◆ **WHAT TO DO**
Beneath this line sits some data. Return only its lines from the one holding "Спортивный комплекс представляет" through the one holding "Vintage 90s Red", inclusive, exactly, with the images removed.
=-=-=
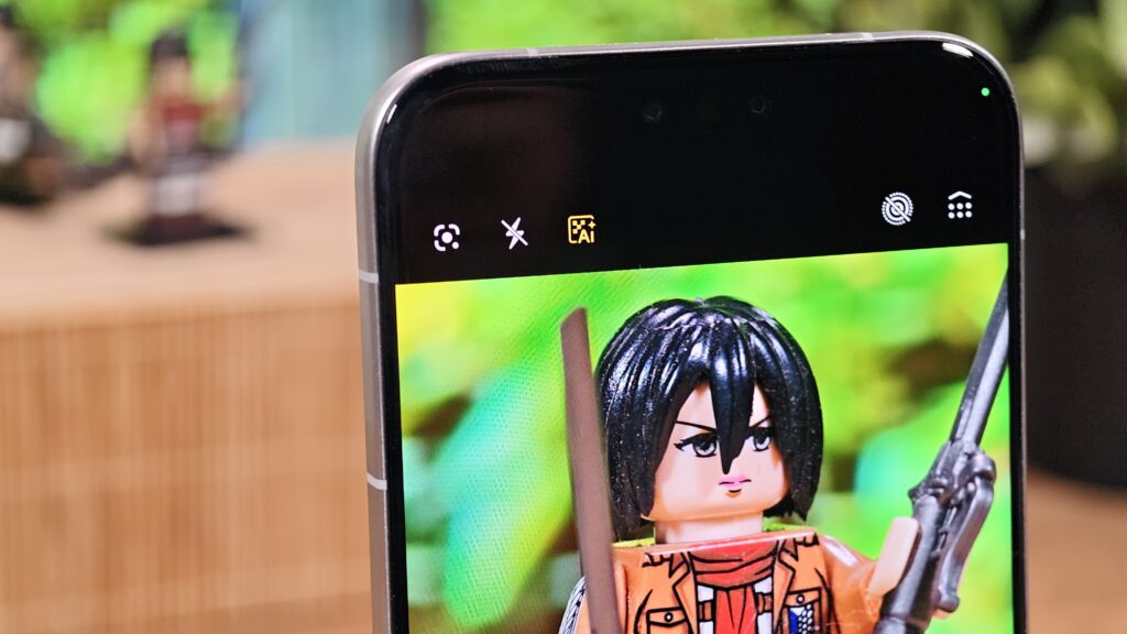 I tu ciekawostka: aparat ma wspomaganie AI, które wyostrza zdjęcia przy bardzo dużych powiększeniach. Nic nowego, ale posłuchajcie tego: funkcja pojawia się dopiero wtedy, kiedy użytkownik wybierze zoom powyżej x10, (wymaga jednorazowego włączenia), wyraźnie sygnalizuje, że jest aktywna a potem – co wspaniałe – daje możliwość cofnięcia modyfikacji, jakie AI dokonało na zdjęciu, albo zapisanie tego zmienionego zdjęcia jako kopii, z zostawieniem „czystego” oryginału!
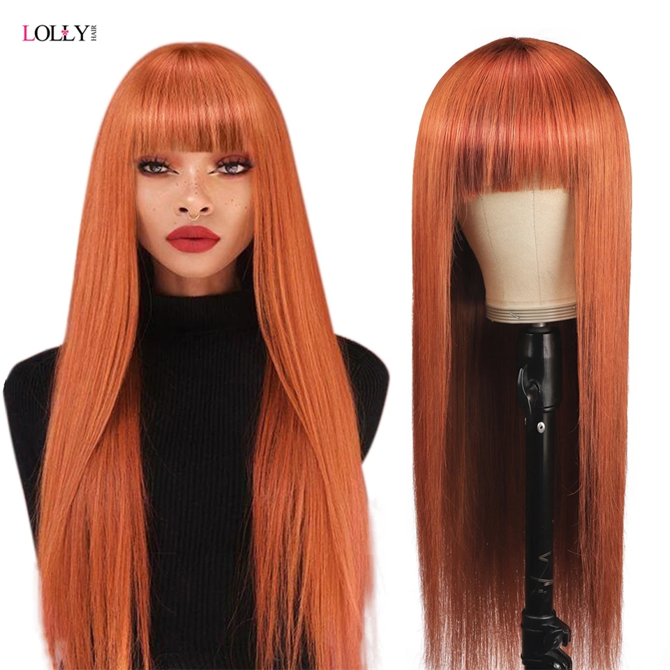 Имбирный оранжевый прямой парик с челкой, парик Омбре, малазийский аппарат, парики из человеческих волос для черных женщин, дешевый 99J полный машинный парик с челкой
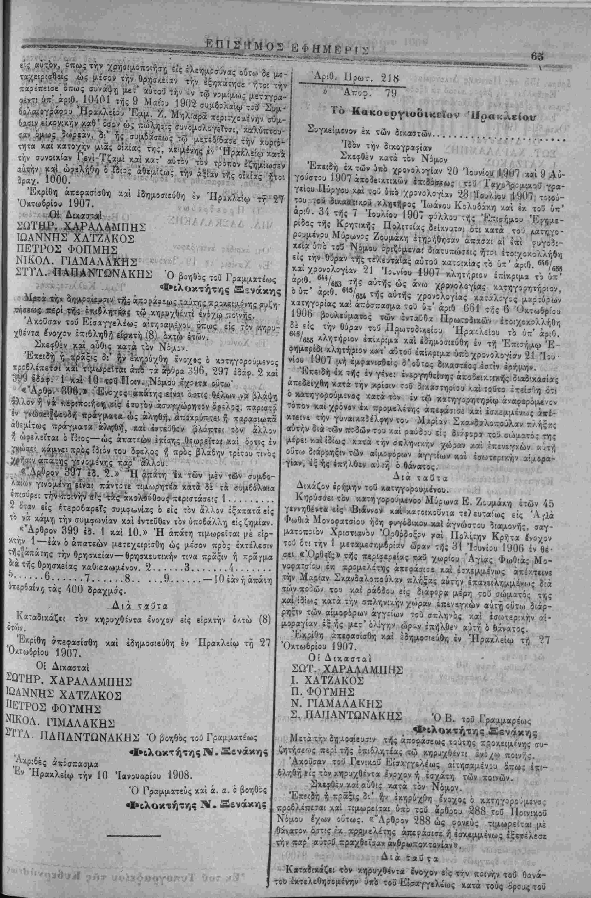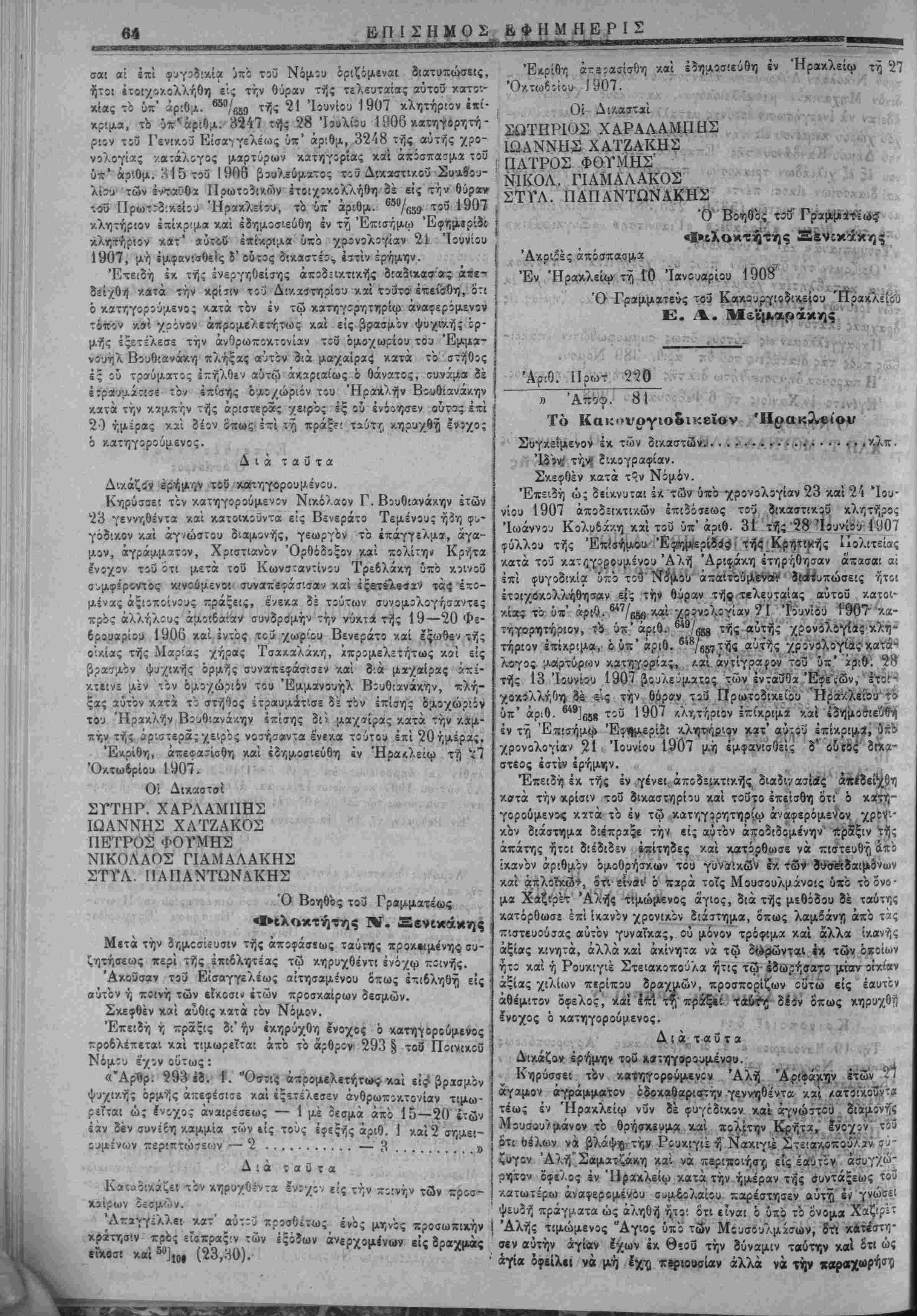 του χοΰ οικααϊΐΛθΰ ·<(.λη«ί)ρος Ίωάνου Κολϋδάκη /αί έκ τοΰ ύπ' αριθ. 34 τής 7 Ιουλίου 1907 φύλλου τής Έπισ/;μου Εφημε¬ ρίδος τής Κρητικής Πο,λίτίίας δεί·Ανυτ»ι ότι κατά τοθ /ΐΛτηγο- ρουμένου Μύρωνος Ζουμάκη έτηρήθησαν «κασα; αί Ι—ι =υγοΒί- κεία ύ~ό το3 Νόμου έρίζίμεναί διατυπώσεις ήτ?ι ετοιχοκολλήθη είς την θΰραν τής τελευταίας αύτοϋ κοιτοικίβς τό ύ-' αριθ. β<β/β8β καί χρίνολογίαν 21 Ίο.νίίΐυ 1907 κλητόριον ΐπίκριμϊ τό ΰπ' αριθ. _44/6β3 τίί? αυτής ώς άνω χρρνολογίβς λατηγορητήριον, ό ΰπ' αριθ. β45/β54 τής αυτής χρονολογίας κατάλίγος μαρΐυρων κατηγΐρίας καί ά^όσπασμα τού ύί' αριθ 681 τ/ΐς 6 Όκτω&ρίου 1906 βουλεύμαικς των ένταθδα ΙΙρωτβίικών ετοιχοκολλήθη δέ είς την θύραν τίΰ ΙΙρ,ωτίδΐχείου Ήρα/.λείβυ τό ύπ' αριθ. δ46/θ55 ιλητήριον έπί/.ρ:μα καί εδημοσιεύθη έν τί) Έπισήμψ Έ- φημερί-δ» κλητήριον κατ' αύτο3 έπίχριμα υπό χρονολογίαν 21 Ίου ■ νίου 1907 μή έμφανίσθείς 3'ούτος δ'.ν.αστίος εστίν έρήμην. Έκ€:δή «Χ τής έν γένει ένεργηθείσης άποϊεικ:(κή*ς διαδικαβίας απεδείχθη κατά την κρίσιν τού οίχαΐτηρίοιι '.αί τουτο ίτΐίσ'ιη ό'τ'. ό κΛτηγορούμενος κατά τόν έν τω κχτηγίρητηρίφ άναφίράμε/ςν τόπον καί χρόνον ϊλ προμβλίτης άπίφάτισε καί ίσΛίμμένι,ις άΐτέ- κτείνι την γιιναίχαϊέλφην τού Μαρίαν Σ<ανδ*λοζο>λαν π/ήξζς
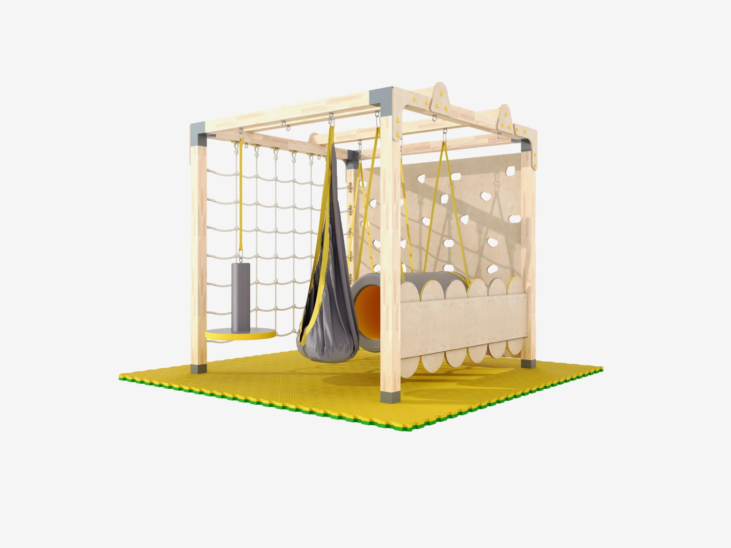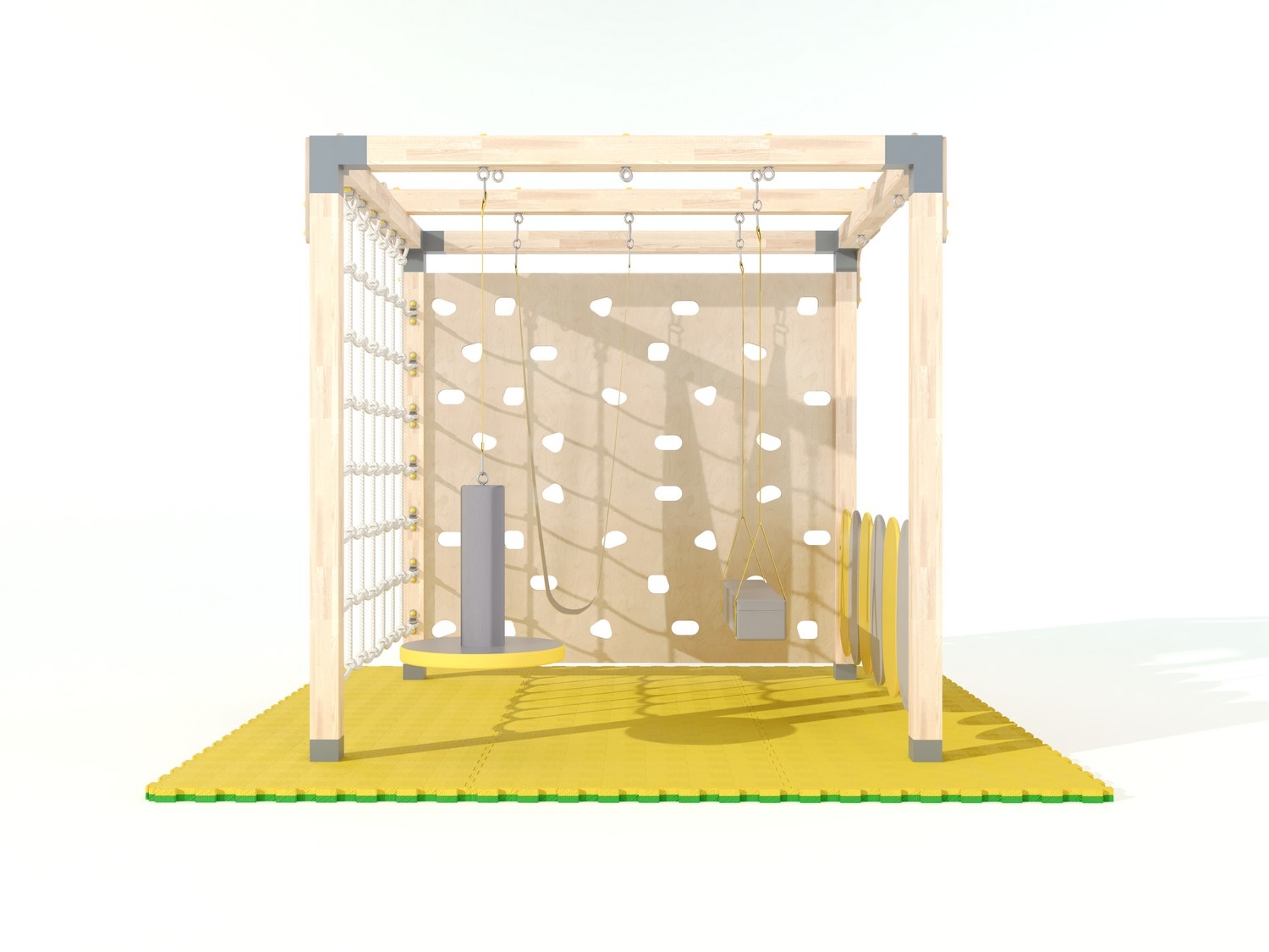 Спортивный комплекс представляет собой стационарную раму из бруса с комплектом навесного оборудования для решения разных моторных и сенсорных задач.
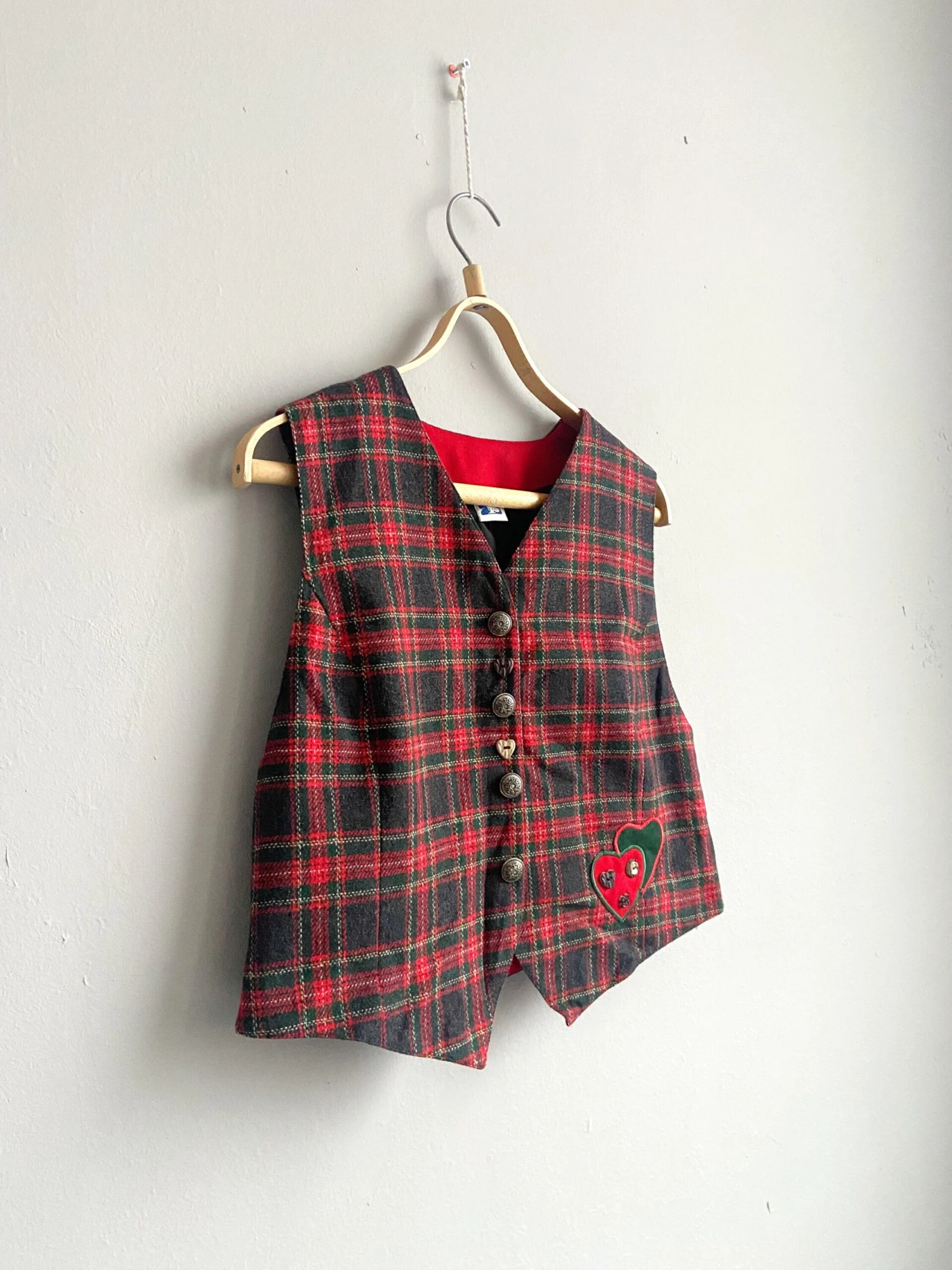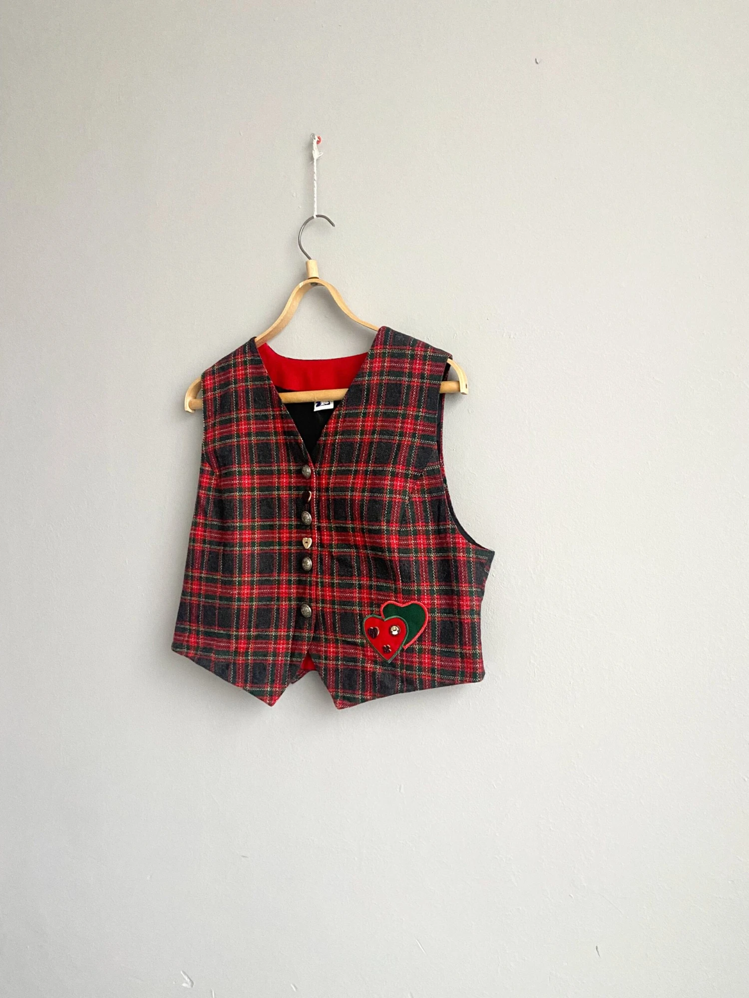 Vintage 90s Red Tartan Vest Women Christmas Waistcoat Red Checkered Vest Red Plaid Vest M Heart Tartan Vest Women Red Waistcoat Tartan Top
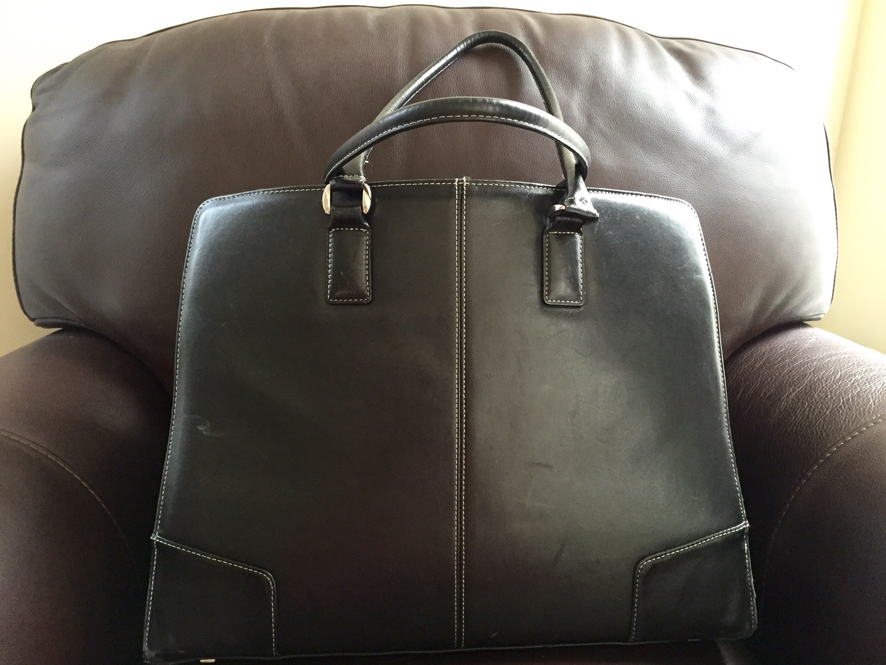 Then I became a full time educational consultant and I began traveling every week for my job. A purse was an extra carry on and since you are only allowed two (and I never wanted to check my bags) I found throwing my personal effects into my work bag was a great solution. My work bags evolved over the years from a briefcase with wheels (to carry an oversized projector) to designer computer bags. My bags became worn from travel and from me over stuffing them with consultant request forms, presenter notes, snacks and a heavy laptop. I found myself buying a new one every year. As the laptops got smaller and lighter, my bags got smaller and more stylish. Sometimes I stepped out of my comfort zone and bought a bright red bag instead of basic black.
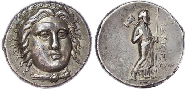 Head of Apollo facing. Rev. ΙΔΡΙΕΩΣ, Zeus Labraundos standing right, holding lotus-tipped sceptre and double-axe. (SNG VA 8046; SNG Keckman 278; BMC 183). Extremely Fine.
=-=-=
◆ **ANSWER**
 Спортивный комплекс представляет собой стационарную раму из бруса с комплектом навесного оборудования для решения разных моторных и сенсорных задач.
 Vintage 90s Red Tartan Vest Women Christmas Waistcoat Red Checkered Vest Red Plaid Vest M Heart Tartan Vest Women Red Waistcoat Tartan Top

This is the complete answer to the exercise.